The housing scheme will reportedly cost some 1.5 billion euros ($1.5 billion) although the Finance Ministry said state coffers are running low because of energy aid, despite tourism revenues on a course to bring in as much as 20 billion euros ($20 billion) in 2022.

More than a million pensioners will be a benefit bump that will cost another 450 million euros ($449.96 million) among the pre-election handouts traditionally given at TIF by ruling governments.

The government has decided to pay up to 90 percent of electric bills that doubled in the aftermath of Russia’s invasion of Ukraine and the possibility of losing part or all of Russian oil and gas supplies.

The aid to pensioners was a political payoff, said the paper, because it targets a huge voting bloc said to be friendly to New Democracy but also the rising PASOK Socialists, whose leader Nikos Androulakis, had his phone bugged by the National Intelligence Service (EYP) that’s under Mitsotakis’ control, although the Premier said he wasn’t informed about it.

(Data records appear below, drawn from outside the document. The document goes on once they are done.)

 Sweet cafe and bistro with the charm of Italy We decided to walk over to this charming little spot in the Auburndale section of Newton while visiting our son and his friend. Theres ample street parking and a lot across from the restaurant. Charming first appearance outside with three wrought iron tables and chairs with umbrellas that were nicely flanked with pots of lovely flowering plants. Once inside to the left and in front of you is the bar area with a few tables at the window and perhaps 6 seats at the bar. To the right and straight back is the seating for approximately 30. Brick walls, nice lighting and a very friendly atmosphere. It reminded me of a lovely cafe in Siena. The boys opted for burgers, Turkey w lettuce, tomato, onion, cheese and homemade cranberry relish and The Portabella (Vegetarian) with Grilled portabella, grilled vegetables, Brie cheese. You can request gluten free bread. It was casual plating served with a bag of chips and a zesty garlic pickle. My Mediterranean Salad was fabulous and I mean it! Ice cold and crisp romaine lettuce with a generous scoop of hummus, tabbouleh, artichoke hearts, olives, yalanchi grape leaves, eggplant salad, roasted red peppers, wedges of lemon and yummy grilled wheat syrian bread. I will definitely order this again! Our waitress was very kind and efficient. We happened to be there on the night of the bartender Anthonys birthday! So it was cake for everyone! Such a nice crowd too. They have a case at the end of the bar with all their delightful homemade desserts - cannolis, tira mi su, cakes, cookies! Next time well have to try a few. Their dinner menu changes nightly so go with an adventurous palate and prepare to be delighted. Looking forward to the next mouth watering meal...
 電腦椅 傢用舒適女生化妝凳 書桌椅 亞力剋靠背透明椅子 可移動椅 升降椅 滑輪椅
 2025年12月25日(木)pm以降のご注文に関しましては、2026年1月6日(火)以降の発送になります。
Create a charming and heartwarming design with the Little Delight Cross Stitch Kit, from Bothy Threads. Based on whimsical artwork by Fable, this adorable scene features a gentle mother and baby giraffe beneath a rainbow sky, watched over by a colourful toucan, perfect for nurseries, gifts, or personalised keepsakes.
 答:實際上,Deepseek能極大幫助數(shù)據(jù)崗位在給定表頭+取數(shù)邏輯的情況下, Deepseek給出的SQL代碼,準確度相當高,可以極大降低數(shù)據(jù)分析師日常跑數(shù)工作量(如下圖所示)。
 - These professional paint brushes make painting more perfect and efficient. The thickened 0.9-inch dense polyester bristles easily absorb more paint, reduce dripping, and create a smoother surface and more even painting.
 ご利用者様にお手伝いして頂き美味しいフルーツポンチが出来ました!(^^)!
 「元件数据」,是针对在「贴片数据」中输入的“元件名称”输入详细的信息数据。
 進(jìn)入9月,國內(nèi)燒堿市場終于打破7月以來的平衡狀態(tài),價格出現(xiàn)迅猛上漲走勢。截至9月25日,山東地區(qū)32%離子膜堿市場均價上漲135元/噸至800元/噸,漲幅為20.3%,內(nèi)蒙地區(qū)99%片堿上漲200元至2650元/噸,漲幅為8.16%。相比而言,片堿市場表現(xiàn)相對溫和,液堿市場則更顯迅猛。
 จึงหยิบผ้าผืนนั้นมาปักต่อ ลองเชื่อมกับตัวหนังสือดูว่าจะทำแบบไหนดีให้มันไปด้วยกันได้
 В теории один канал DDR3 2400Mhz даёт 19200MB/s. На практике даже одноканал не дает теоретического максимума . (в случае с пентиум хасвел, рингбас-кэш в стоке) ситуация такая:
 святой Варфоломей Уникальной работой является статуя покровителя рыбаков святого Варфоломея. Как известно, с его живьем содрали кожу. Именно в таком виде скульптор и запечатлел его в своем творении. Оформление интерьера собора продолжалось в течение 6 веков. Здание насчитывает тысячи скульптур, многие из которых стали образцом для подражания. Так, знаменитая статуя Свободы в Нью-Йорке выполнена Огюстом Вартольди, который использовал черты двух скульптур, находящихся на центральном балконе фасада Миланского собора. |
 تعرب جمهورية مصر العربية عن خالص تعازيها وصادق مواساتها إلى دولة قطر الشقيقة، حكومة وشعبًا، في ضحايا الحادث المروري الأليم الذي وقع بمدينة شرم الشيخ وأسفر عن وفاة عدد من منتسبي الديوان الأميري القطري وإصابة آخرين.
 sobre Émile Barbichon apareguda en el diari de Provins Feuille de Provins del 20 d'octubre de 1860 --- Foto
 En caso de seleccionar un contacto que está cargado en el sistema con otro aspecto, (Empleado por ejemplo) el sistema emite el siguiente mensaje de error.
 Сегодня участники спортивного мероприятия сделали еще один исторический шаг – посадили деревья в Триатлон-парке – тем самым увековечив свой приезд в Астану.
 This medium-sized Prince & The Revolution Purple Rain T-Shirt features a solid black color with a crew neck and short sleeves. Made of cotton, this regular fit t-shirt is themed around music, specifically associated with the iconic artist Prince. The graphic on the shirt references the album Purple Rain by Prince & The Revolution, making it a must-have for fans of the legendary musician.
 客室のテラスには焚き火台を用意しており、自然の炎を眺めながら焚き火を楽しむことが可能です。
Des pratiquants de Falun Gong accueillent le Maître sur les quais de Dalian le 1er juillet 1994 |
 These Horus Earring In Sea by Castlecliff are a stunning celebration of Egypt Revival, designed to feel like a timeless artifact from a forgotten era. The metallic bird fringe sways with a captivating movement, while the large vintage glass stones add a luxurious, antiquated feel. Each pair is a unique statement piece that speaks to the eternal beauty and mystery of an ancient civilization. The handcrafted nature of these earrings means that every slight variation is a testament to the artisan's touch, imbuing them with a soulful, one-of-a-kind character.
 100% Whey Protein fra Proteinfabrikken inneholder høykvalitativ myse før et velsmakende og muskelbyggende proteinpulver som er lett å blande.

In the 2019 elections bringing Mitsotakis to power in a rout over the Radical Left SYRIZA, 46.6 percent of pensioners voted for ND and 10.9 percent for PASOK-KINAL, the Leftists out of favor for keeping austerity measures harmful to the retirees.

Housing aid for the young, the report said, was aimed at draining support for SYRIZA, which got 38 percent of their vote in 2019 to 30.4 percent for New Democracy which wants to bring them into the fold.